Ten years, Dad broke his back for the railroad for ten years and they laid him off, leaving him unemployed with a new mortgage and us two boys to raise on his own. My little brother Jeremy and I became the poorest kids of our middle-class neighborhood. The unnurtured ones, the unsupervised ones, the ones who strayed the streets in the middle of the night. Feral beasts snapping at the moon. The ones sent into the store with a book of food stamps while our father waited in the car. And when we objected, because we had pride too, our father would say, “It doesn’t matter to me. You guys are the ones who want to eat. If you don’t want to eat, then fine, don’t use them.” We did want to eat. We were always hungry. 

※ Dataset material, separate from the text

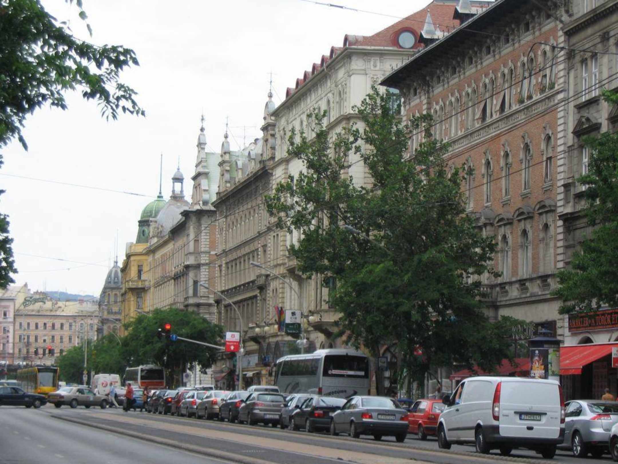 In front of the hotel, on Grand Boulevard, in direction to Buda side of Budapest.

This was around the same time I realized something was wrong with my balls. Not every morning, but most, I’d wake up with a dull pain in my gut. Not enough to be debilitating, just enough to be uncomfortable. And sometimes when I walked, I could hear a suction noise coming from down there. That was the worst part. A faint pulling a shoe from the mud-type-sound that I hoped nobody else could hear. At the time I was navigating through the beginning stages of puberty when everything is a bit strange anyway and I hoped this problem was just another symptom of becoming a man, like getting hair in places I never had hair before. But one afternoon I found the courage to bring it up. While getting dressed in the city pool locker room with my friend Ryan, I asked to see his balls. “To compare,” I said. And like a good friend, he obliged. His were both the same size and symmetrical and they were small, barely even there. Totally different from mine. I only had one, one gigantic ball, the size and shape of a mango. 

Even if I wanted to get it checked, Dad couldn’t afford the doctor, not without the insurance he lost with his job. Medical care was no different than a new pair of Jordans to my brother and me, just another luxury we couldn’t afford. Dad was constantly stressing about all the things we couldn’t afford. It was his version of preventative care. Staving us off with guilt prevented us from asking for things. Besides, what child wants to go to the doctor? 

 

 

My parents, like most, charged hard into the Win-One-for-the-Gipper-Day-Glo-Nuclear-American-Grudge-Fuck of the 1980s. They bought our first home the summer before I began grade school. No more trailers or cramped apartments for us. We were moving on up! As I’m thinking and writing about those early days on Everglade, it’s the smells that return more than anything. Milkweed, sunflowers and sage, the rain, creosote from the railroad tracks, smoke from mom’s Marlboro Lights. Pioneers smelled many of the same things, I imagined. The Oregon Trail crossed less than 100 miles from there. Perhaps the pioneers thought of it as the smell of some bright future, the way we did. We lived on the last street of the sub-division. Beyond our backyard was all prairie. Standing on the back deck, you could see the Great Plains unfold clear into Nebraska.  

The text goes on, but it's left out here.